# Do-It Molds for lead balls



## theTurk (Feb 25, 2016)

Yayyyy!!!! I just got my Do-it lead mold for Slingshot Pellets in the mail, and I'm super Siked about it. It molds up 8 1/4 oz (44 cal) and 7 3/8 oz (50 cal) Lead balls. I got it from Zeiner's Bass shop. Awesome customer service, the shipping time, the price and packaging were all unbeatable! Thought I would share .....cheers !!!























Sent from my iPhone using Tapatalk


----------



## Henry the Hermit (Jun 2, 2010)

I have both models, and they are good. A bit more labor involved, because of no sprue cutter, but the number of pellets per cast makes up for it.


----------



## Arnisador78 (Apr 10, 2013)

That's awesome. I want one!

Florida Forks


----------



## theTurk (Feb 25, 2016)

Henry in Panama said:


> I have both models, and they are good. A bit more labor involved, because of no sprue cutter, but the number of pellets per cast makes up for it.


Yessirr !!!!! agreed on the increased manual work.
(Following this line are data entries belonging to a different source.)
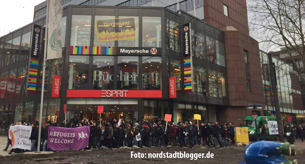 „Solidarität mit den Geflüchteten und ihren Protesten! Gegen Rassismus in Dortmund und überall!“ Unter diesem Motto haben am Samstag rund 280 Menschen in der Dortmunder Innenstadt demonstriert und ein Zeichen für Willkommenskultur gesetzt.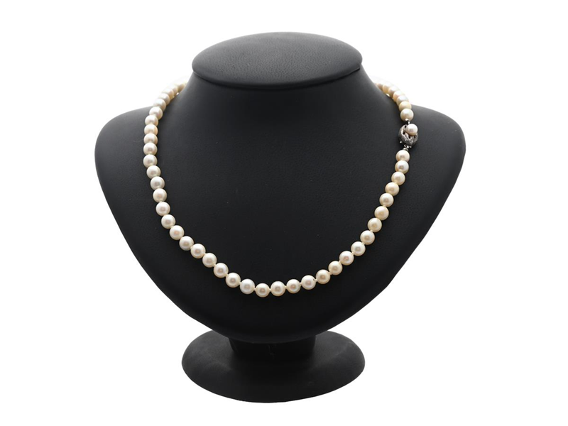PÄRLCOLLIER, odlade pärlor, 5-6 mm, lås i silver med odlad pärla, längd 47 cm, vikt 24,2 g, slitage.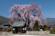 本堂や観音堂の中庭に咲き、天蓋のように境内を包み込む見事な樹形。樹齢270年。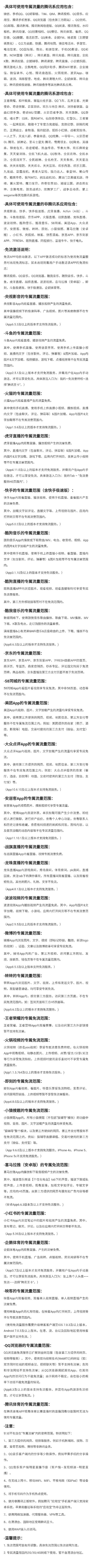 第二,他所包含的定向流量软件当中有微信、QQ这种常用的通讯软件,所有的免流软件和定向范围,全在下面的图片里。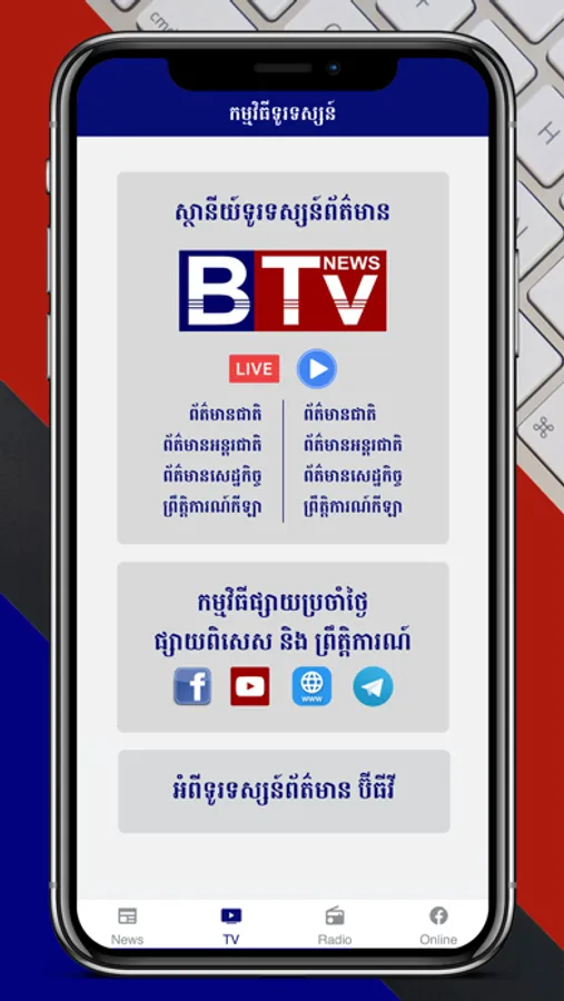 BTV channel, BTV News, BTV Cambodia, and BTV Television.

Still a clean, functional and productive apparatus though....Slings up!!!!!

Sent from my iPhone using Tapatalk


----------



## Ibojoe (Mar 13, 2016)

Love chunkin lead!! Really lays down a thump.


----------



## RichWentFishing (Feb 16, 2016)

I cast lots fishing weights at the end of the winter season. Use a warming plate to pre heat your mold. You can find them at flea markets for next to nothing. If the stuff your casting gets a frosty look the mold is getting too hot. If it has wrinkles it's too cold.

Sent from my iPhone using Tapatalk


----------